Relatedly, by manipulating the salience of specific aspects of the crime situation, we provided participants with additional information that differed across conditions. This may arguably imply the limitation that the content of this additional information, rather than the salience of crime aspects, may have driven the results. Importantly, however, we carefully created and pretested all materials to rule out such a threat to the validity of our results. As such, all scenario versions consisted of a main paragraph providing participants with basic information about the crime, the offender, and the community. Although each condition also consisted of a second paragraph making specific aspects of the crime situation more salient, this did not add any information to different scenario conditions that may have influenced the perception of the crime situation on dimensions known to be associated with people’s punishment goals (as shown in the second preliminary study). Consequently, we are confident in the interpretation that the results yielded provide further evidence for the suggested association of information salience and laypeople’s punishment goals.

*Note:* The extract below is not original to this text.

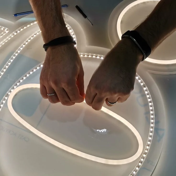 I nostri prodotti sono interamente realizzati a mano dai nostri esperti in Toscana, che utilizzano tubo flessibile Flex Neon Led. Una tecnologia resistente nel tempo, con il rivestimento in PVC che rende i neon led flessibili e durevoli, adatti alle più disparate esigenze. Le nostre soluzioni di illuminazione al neon possono essere utilizzate per creare praticamente qualsiasi segno, logo aziendale o display che si possa pensare.
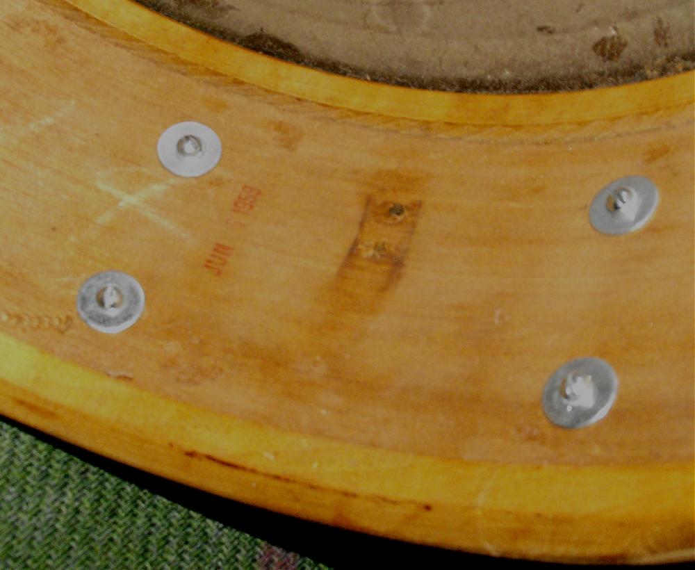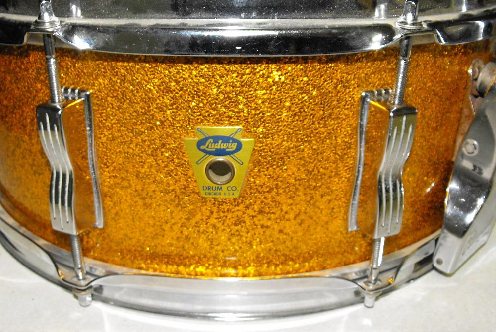 Oldschool - there were several changes between a '55 WFL and '59 Transition Badge Ludwig. The gold sparkle drum you've pictured has the correct snare butt for that year. Also, the muffler is in the correct spot...two panels to the left of the badge. On the WMP drum you showed, however, the white felt baseball bat muffler is incorrect, as it wasn't yet invented when the drum was made. Unfortunately the original muffler hole was likely enlarged to fit the baseball bat, but that's not a big deal.

Finally, the results of the present research also raise questions about the importance of other punishment goals. One increasingly discussed punishment goal is that of restorative justice, which attempts to restore the victim, reintegrate the offender, and repair the harm that has been caused to the community by the misbehavior (Gromet & Darley, 2006). One key element of restorative justice processes is a face-to-face meeting involving all parties: the victim, the offender, and other community members. In this meeting, the offender and the victim present their perspectives on the misbehavior and using a consensus decision-making approach, work out an appropriate punishment for the offender with participation from all parties (this usually involves an apology, a monetary compensation, community services, and the like). As the perspective and voice of the victim are an important factor for restorative punishment, the salience of this aspect could have an influence on laypeople’s support for this punishment goal. However, as the offender’s and the community’s perspectives are also considered in restorative punishment processes, research is needed to investigate which aspects are particularly important for this punishment goal and thus may be highlighted to make people strive for restorative justice.

In conclusion, our research confirms that laypeople’s support for different punishment goals is affected by the salience of different aspects of an article describing a crime situation. That is, if information about the crime situation focuses on aspects other than the crime itself, people consider this information in their decision-making process and, if appropriate, pay greater attention to achieving more utilitarian goals with their punishment. In other words, laypeople are not able to consider utilitarian punishment goals if they receive no information about the need for, nor the usefulness of potential future-oriented punishment reactions; such relevant information needs to be salient in order to enable an equal chance for utilitarian (vs. retributive) punishment to be adequately considered.